Отец никогда ничего такого не говорил мне, но очень хотелось, чтобы на Больших (Ванькиных) л. тах эти птицы не водились, а водились лишь на Малых (моих) лугах. Разумеется, было бы даже очень хорошо показать перепелят Ваньке, похвастаться перед ним, и пусть бы он корчился от зависти. И коль скоро сделать это я не мог, то придумал другое: уговорю-ка я «нейтрального» Мишку Тверскова, чтобы он сбегал к Ваньке сам и рассказал ему о моих птенцах. Я даже ухмыльнулся про себя, представляя, как Ванька посинеет от такой новости.
Не откладывая исполнение своего коварного замысла на иной час, не заглянув даже к себе в избу, я направился к Мишке Тверскову. Но дома у него, кроме младших сестер, никого не оказалось. Степа-шок и Аксинья увели весь остальной свой выводок на луга – ворошить сено. Там-то я и отыскал Михаила. Поначалу он не понимал, что я ему толкую, потому что говорил я запальчиво, торопливо и бестолково. Лишь после пятого, кажется, захода на свой план суть его начала обрисовываться и для умного Миши Тверскова. Для него, оценивающего все трезво и по реальному, истинному достоинству, замысел мой показался не настолько важным и значительным, чтобы сейчас же бросить работу и сломя голову мчаться на Хутор, чтобы обрушить на бедную Ванькину голову неслыханную новость.
– Ну и придумал! – удивился Миша. – Разве тятька меня отпустит? – И совсем по-взрослому заключил: – Ведь один летний день год кормит. Это и брошу я луга из-за твоей выдумки? Нужны ему твои перепелята! Их, поди, полным-полно и на Больших лугах. Там их, пожалуй, еще больше!
– Ты плохой друг, Мишка! Я с тобой больше не вожусь! – заявил я решительно, сглатывая слезы, не давая им подняться к глазам и вырваться наружу.
Миша испугался:
– Да ты что-о-о?.. Вот пройду еще рядок, а там…

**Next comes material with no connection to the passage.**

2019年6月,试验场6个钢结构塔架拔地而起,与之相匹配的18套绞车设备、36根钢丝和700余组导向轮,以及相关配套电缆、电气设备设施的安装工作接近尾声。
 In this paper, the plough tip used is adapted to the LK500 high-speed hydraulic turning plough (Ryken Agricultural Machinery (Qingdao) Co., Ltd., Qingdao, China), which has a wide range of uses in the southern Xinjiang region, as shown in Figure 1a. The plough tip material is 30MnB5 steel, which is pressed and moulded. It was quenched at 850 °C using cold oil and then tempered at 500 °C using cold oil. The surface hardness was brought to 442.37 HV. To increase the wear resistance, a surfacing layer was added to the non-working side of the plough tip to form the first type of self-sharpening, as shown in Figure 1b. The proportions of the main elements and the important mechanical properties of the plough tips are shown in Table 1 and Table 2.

Он действительно прошел этот рядок, снял рубаху, вытер ею пот с лица, с груди, со спины и приблизился к отцу, чтобы отпроситься у него «всего на один, один-единственный часик» в село. Добрый Сте-пашок отпустил.

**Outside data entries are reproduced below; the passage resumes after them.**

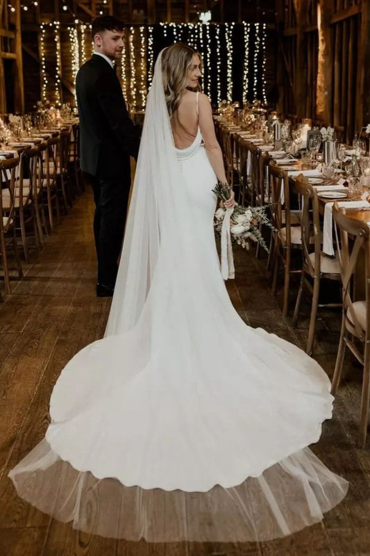 Elegant Mermaid V Neck Satin Long Wedding Dress LD062599
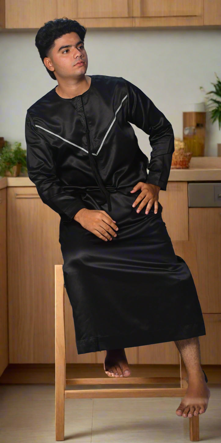 Sahar Al-Fajr captures the calm and clarity of the early morning sky before Fajr. This light grey kurta is crafted from premium shiny fabric that reflects simplicity, purity, and a sense of inner peace. Subtle and graceful, it is a perfect choice for occasions when modesty, comfort, and quiet elegance matter most.
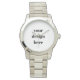 Estilo: Relógio de pulseiras de prata sobredimensionado Unisex Mantenha o tempo perfeito com um relógio de pulseira de tamanho superior Unisex personalizável do eWatchFactory. Preparado para seu texto, trabalho de arte, designs ou fotos, você pode fazer um relógio de excelente para si mesmo ou criar um como presente! Material de relógio de pulso da Unisex: Face: Precinta de aço inoxidável: Dimensões de aço inoxidável: face: 1,24" de diâmetro Precinta: 8,5" x 0,82" Caso: 1,57" de diâmetro Peso: analógico de 3 mãos de 0,319 lb Japão Quartz® cor de Cheio impressão personalizada na face Foldover clasp Resistência da água: até 3 ATM (ATM) 98,4 pés) 1 ano fabricantes com garantia limitada Bateria incluída Este produto é recomendado para mais de 13 anos
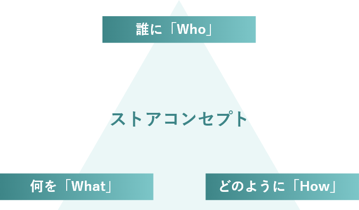 ストアコンセプトとは、店舗の基本理念のことで、「誰に」「何を」「どのように売るか」という3軸でとらえるのが一般的です。
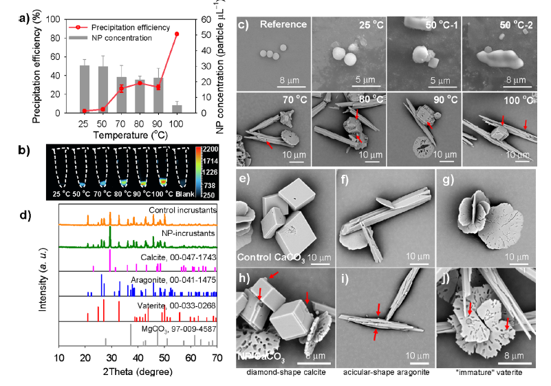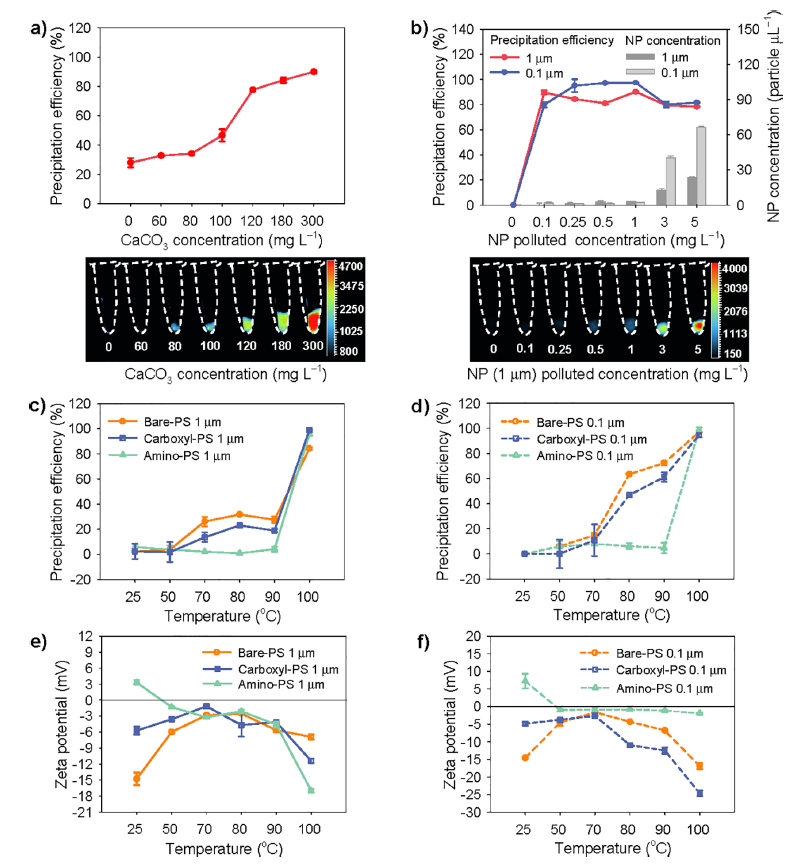 不同地区的饮用水硬度差异很大,而研究人员发现NMPs的沉淀效率会随着沸水硬度的增加而增加,当水中碳酸钙浓度为80mg/L、180 mg/L、300mg/L时沸水NMPs去除率为34%、84%和90%。但即使使用软水(碳酸钙浓度<60mg/L),煮沸仍能去除25%以上的NMPs。但碳酸钙含量有限,结合的NMPs有限,因此还存在着其他影响因素。对此,研究人员进一步发现高温还会增加NMPs的碰撞频率和附着,NMPs们可能聚集并增大尺寸,最终在重力影响下出现沉降。

Я ждал Мишкиного возвращения на окраине Малых лугов.
Вернулся Миша не скоро.
– Насилу отыскал его! – сообщил он мне в первую очередь.

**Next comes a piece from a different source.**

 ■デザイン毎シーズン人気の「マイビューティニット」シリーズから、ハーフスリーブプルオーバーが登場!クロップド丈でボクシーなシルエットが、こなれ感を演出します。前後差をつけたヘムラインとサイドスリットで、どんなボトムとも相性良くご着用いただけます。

– Где ж он был? – спросил я с дрожью в голосе.
– Да на лугах же. Только на своих, на Больших. Теперича все на лугах!..
– Ну… что… как он?
– Да ничего.
– Ну… ты-то… как, рассказал ему?
– Знамо, рассказал.
– Ну, а он… как он?
– Промолчал. Ничего не сказал. Глянул толечко на меня и убежал.
«Разозлился, значится, – решил я про себя, – завидки, чай, взяли! Так ему и надо!»
Удовлетворенный этим, я вернулся к своему дому, прихватил горбушку черного хлеба, горшок молока, упрятал вновь за пазуху перепелят и, поманив Жулика, отправился в сад.
Примирение с Ванькой не состоялось.
16
Отец, оставив сельсоветские дела, находился на Малых лугах, а что происходило на Больших, не знал. А было там не все ладно. Григорию Яковлевичу Жукову показалось, что Петр Михайлович, у которого Григорий собирался было попросить прощения, при дележке лугов отвел ему, Григорию, самый плохой участок, а себе отрезал кус наиболее густой и разнотравистый. В отличие от пахотной земли луга перекраивались ежегодно, чтоб никому не было обидно: нынешним летом тебе достался надел поплоше (что поделаешь – не повезло!), а в следующее – «обчество» учтет это и отведет прошлогоднему неудачнику полоску побогаче, и сделает это без жребия. Жуковым и вправду трава досталась хоть и высокая и густая, но наполовину с осокой и мокричником, зело несъедобными для скотины. Но досталось по жребию, и тут вроде бы винить, окромя фортуны, было некого, и, случись такое прошлым летом, Григорий никого бы и не винил, а примирился бы с такой незадачей. Теперь же он был убежден, что тут не обошлось без злого умысла со стороны нашего дяди Петрухи, которого как раз за его исключительную честность и доброжелательность и назначали главным как при разделе полей, так и лугов – причем Больших и Малых. Григорий разъяренным зверем не подошел – скорее подбежал к участку, на котором трудилась семья Петра Михайловича, и, свистя носом, хватая по-рыбьи воздух, прошипел:
– Косишь?
– Приканчиваю, слава богу! – простодушно отозвался дядя Петруха, отложив косу в сторону.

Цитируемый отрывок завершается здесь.